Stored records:
####################
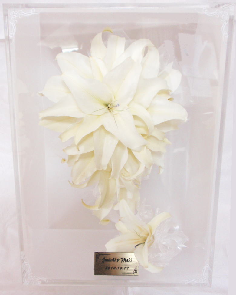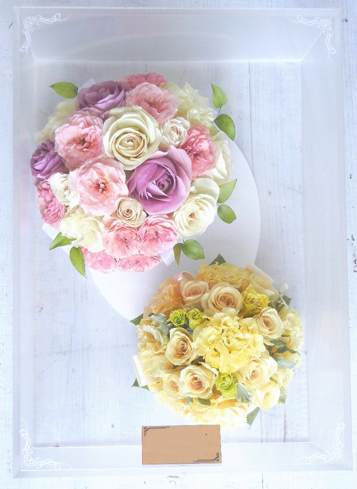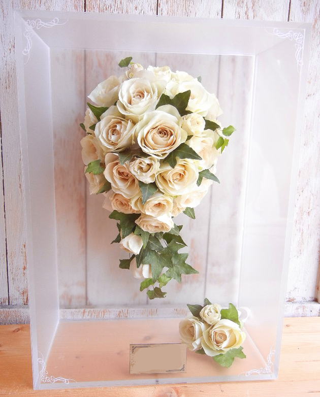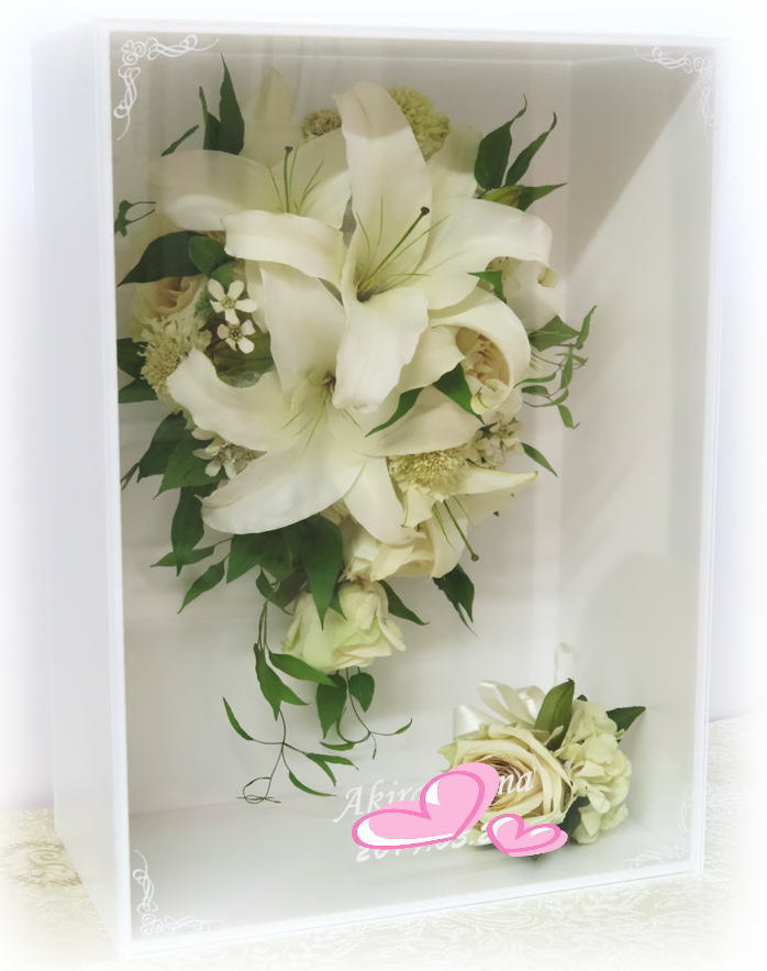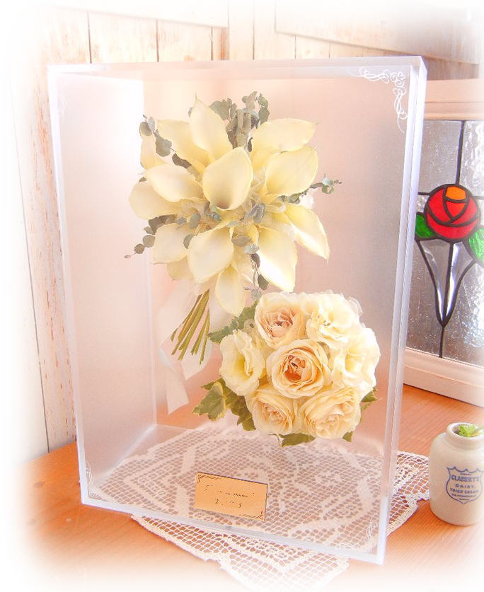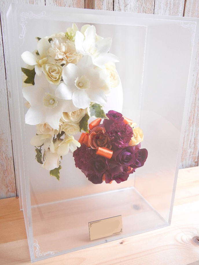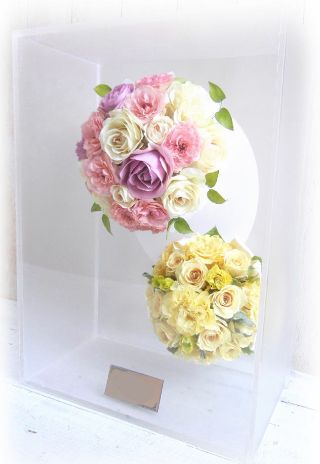 ![]() 《アクリルケース》 ジュエルホワイトロング Wブーケ 1つのケースに2個のブーケをお残しいたします Wデザイン料 レクタングルの中に2個ブーケをお残しいたします
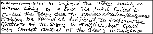 The following examples drawn from oral samples in Malawi gives an illustration of the kinds of work considered to be at levels 1-4. In these examples, the verbatim records as written by the teachers are illustrated in the boxes below and the teachers comments, justifying their decisions to award a particular level, are also reproduced.
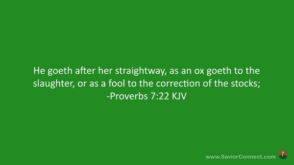 He goeth after her straightway, as an ox goeth to the slaughter, or as a fool to the correction of the stocks; -Proverbs 7:22 KJV
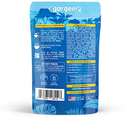 YOU GET MORE. Gargeer gels are complicated dietary components that come as a concentrated powder, and gel once you add boiling water. Now you can put together a moist meals to your animal that’s superior to any dehydrated flakes or pellets. 3 oz of powder makes roughly 1 pound of prepared to make use of product.
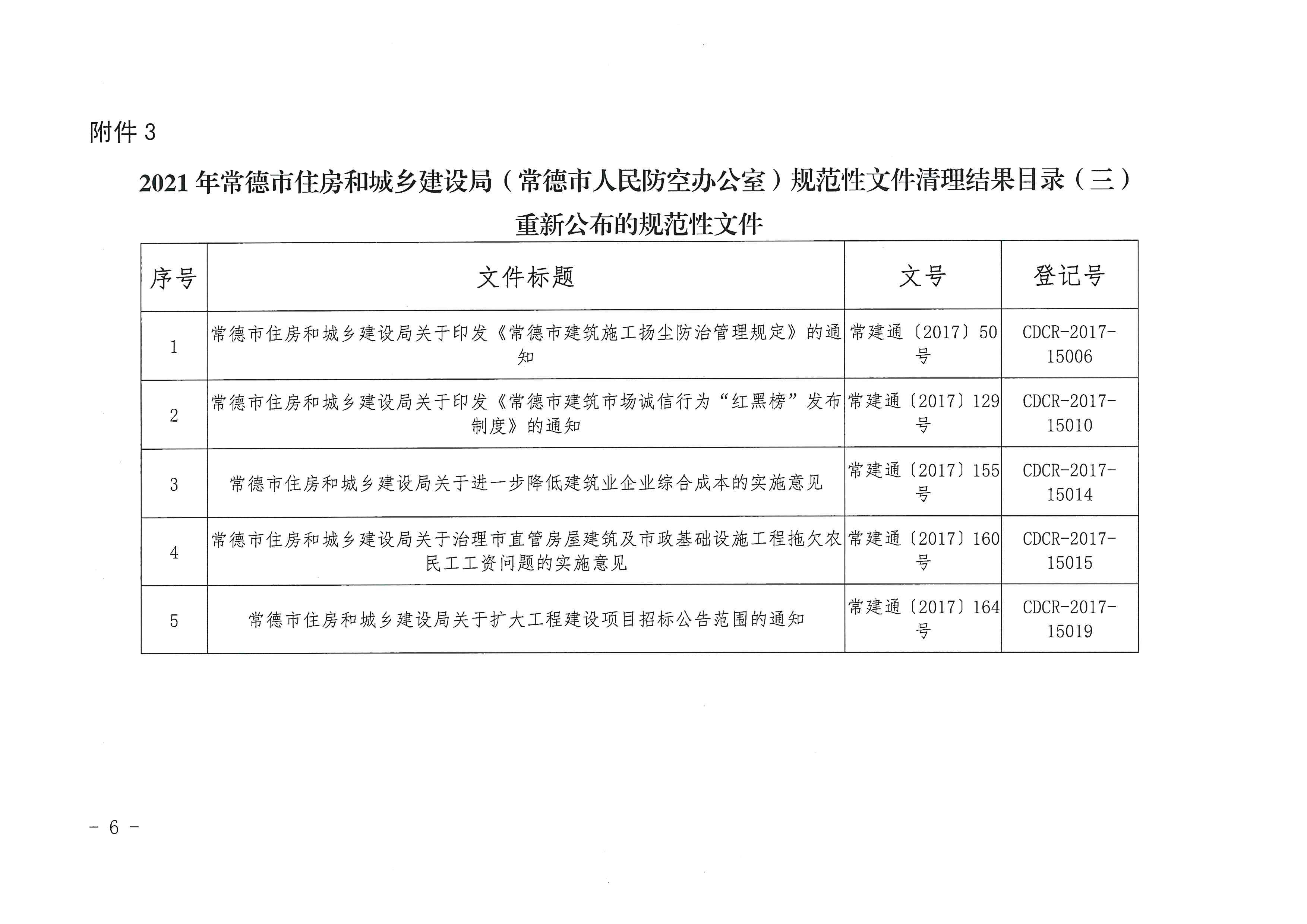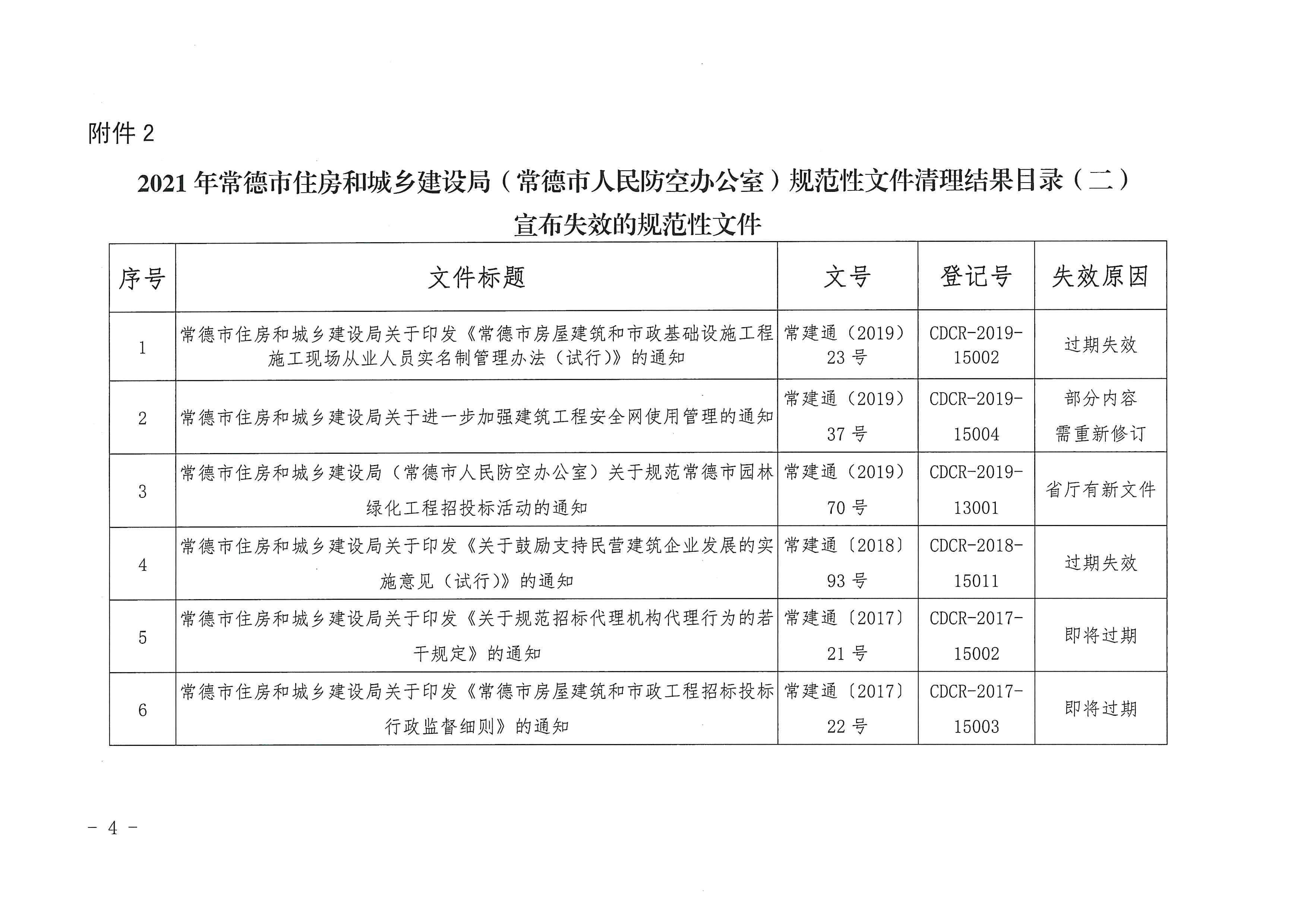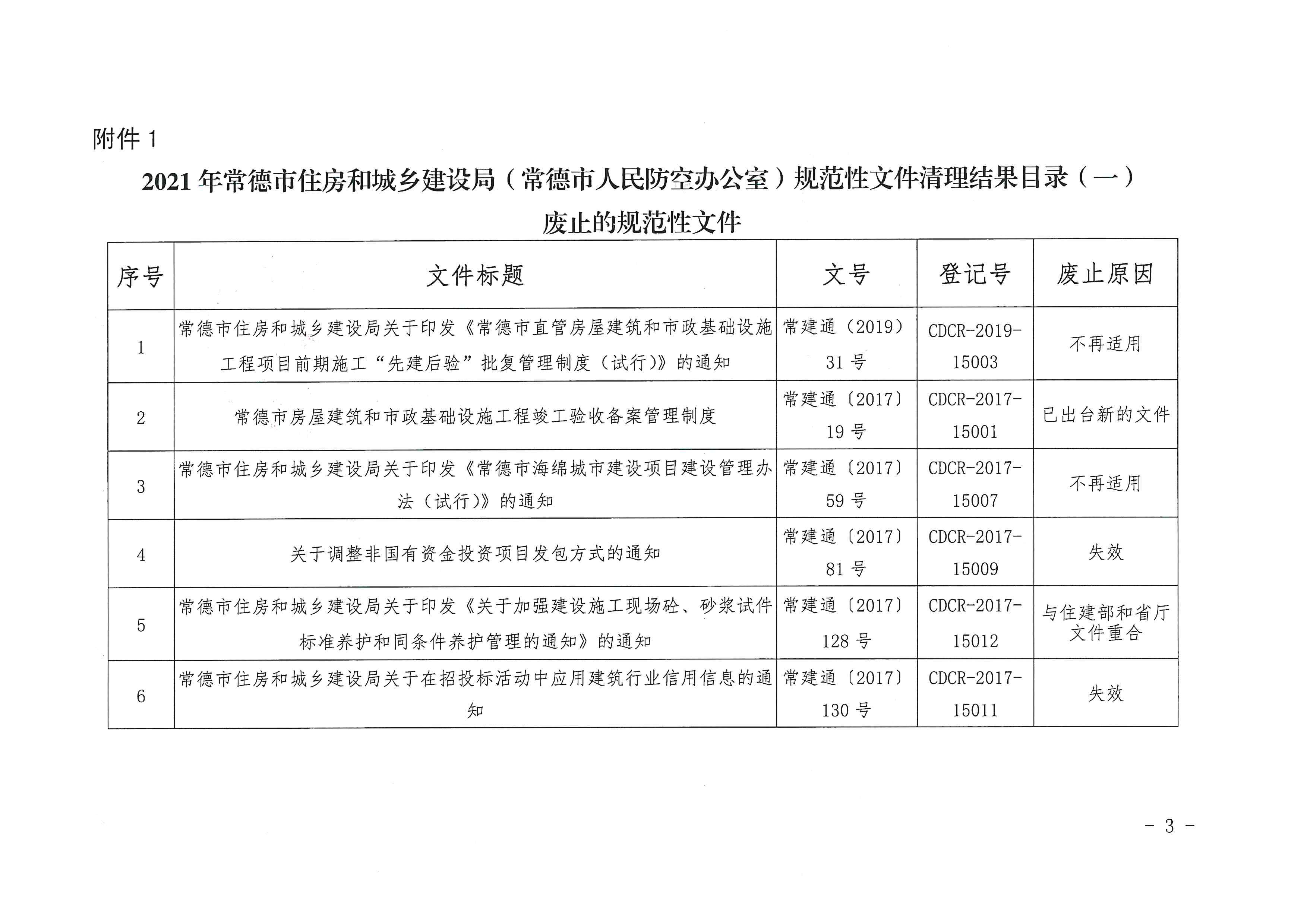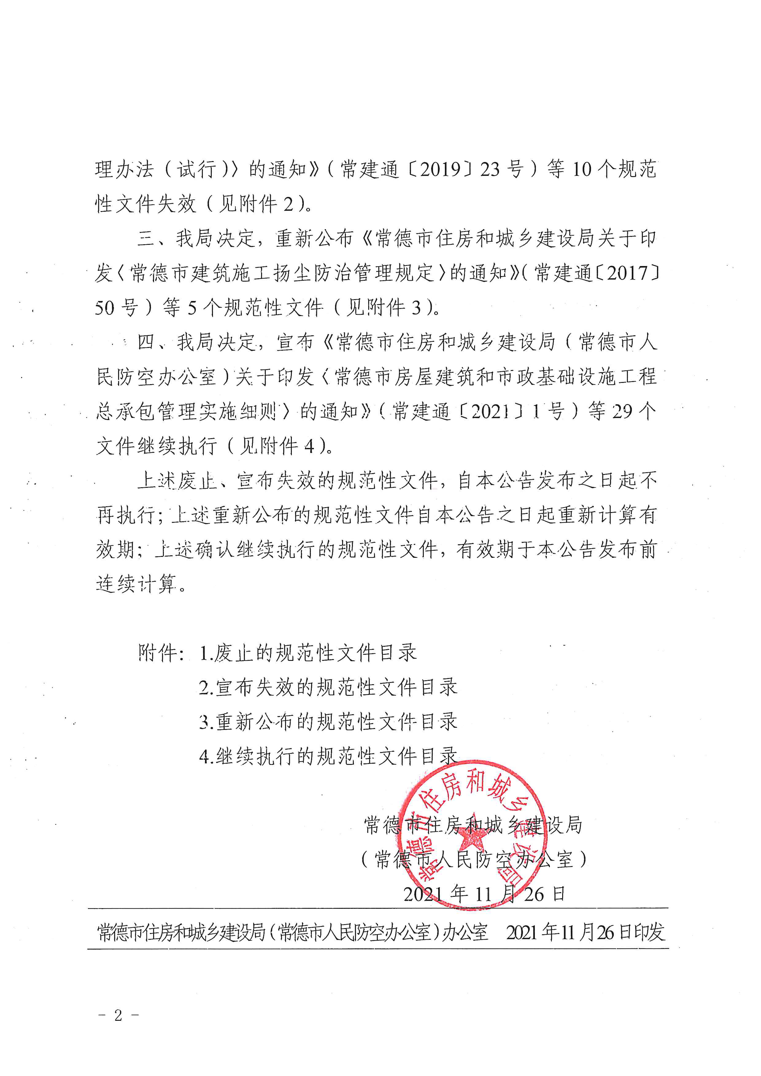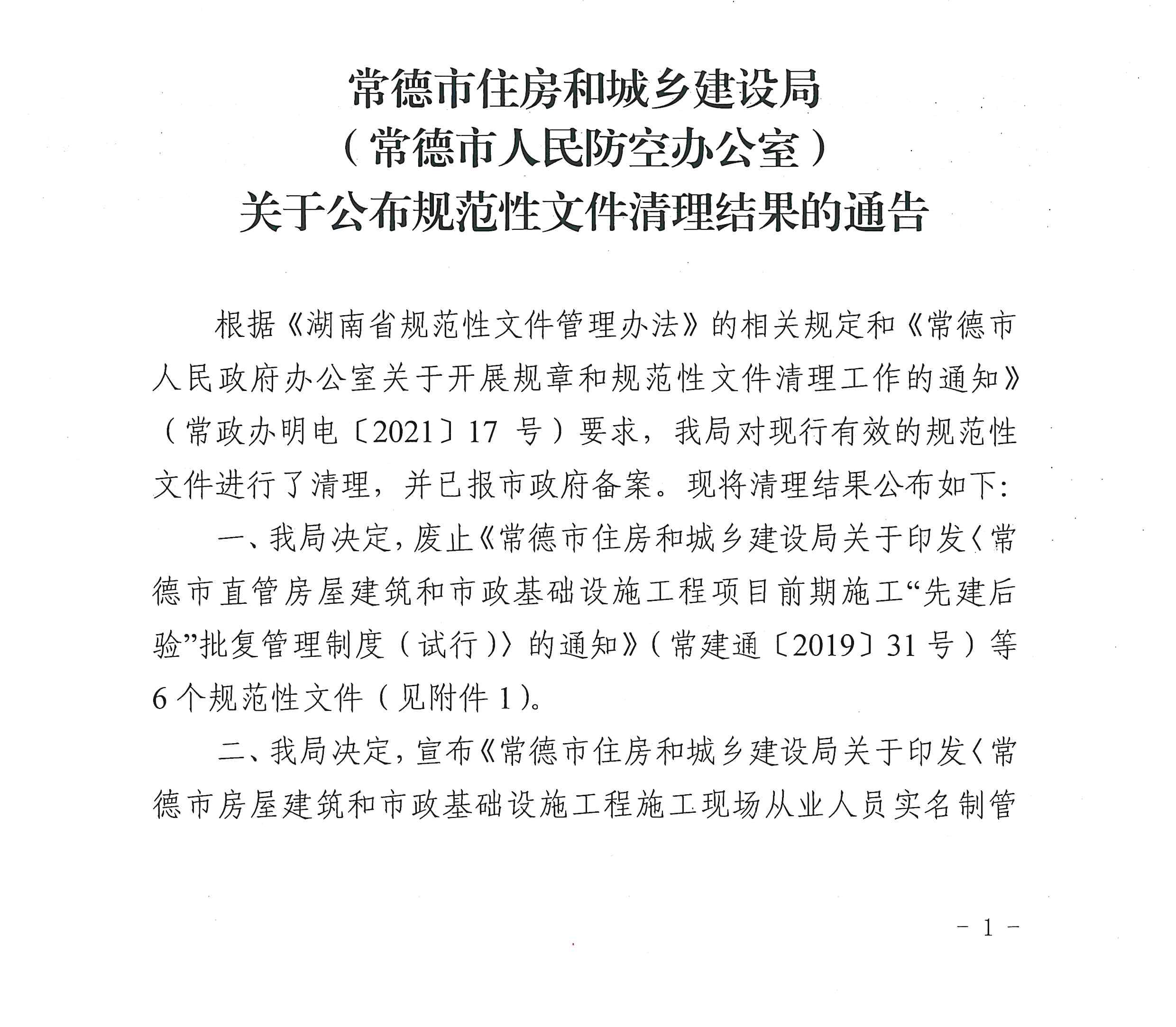 常德市住房和城乡建设局(常德市人民防空办公室)关于公布规范性文件清理结果的通告
####################
**What the task requires:**
Every entry is to be reproduced word for word, and no image is carried over.

**Exercise output:**
 ![]() 《アクリルケース》 ジュエルホワイトロング Wブーケ 1つのケースに2個のブーケをお残しいたします Wデザイン料 レクタングルの中に2個ブーケをお残しいたします
 The following examples drawn from oral samples in Malawi gives an illustration of the kinds of work considered to be at levels 1-4. In these examples, the verbatim records as written by the teachers are illustrated in the boxes below and the teachers comments, justifying their decisions to award a particular level, are also reproduced.
 He goeth after her straightway, as an ox goeth to the slaughter, or as a fool to the correction of the stocks; -Proverbs 7:22 KJV
 YOU GET MORE. Gargeer gels are complicated dietary components that come as a concentrated powder, and gel once you add boiling water. Now you can put together a moist meals to your animal that’s superior to any dehydrated flakes or pellets. 3 oz of powder makes roughly 1 pound of prepared to make use of product.
 常德市住房和城乡建设局(常德市人民防空办公室)关于公布规范性文件清理结果的通告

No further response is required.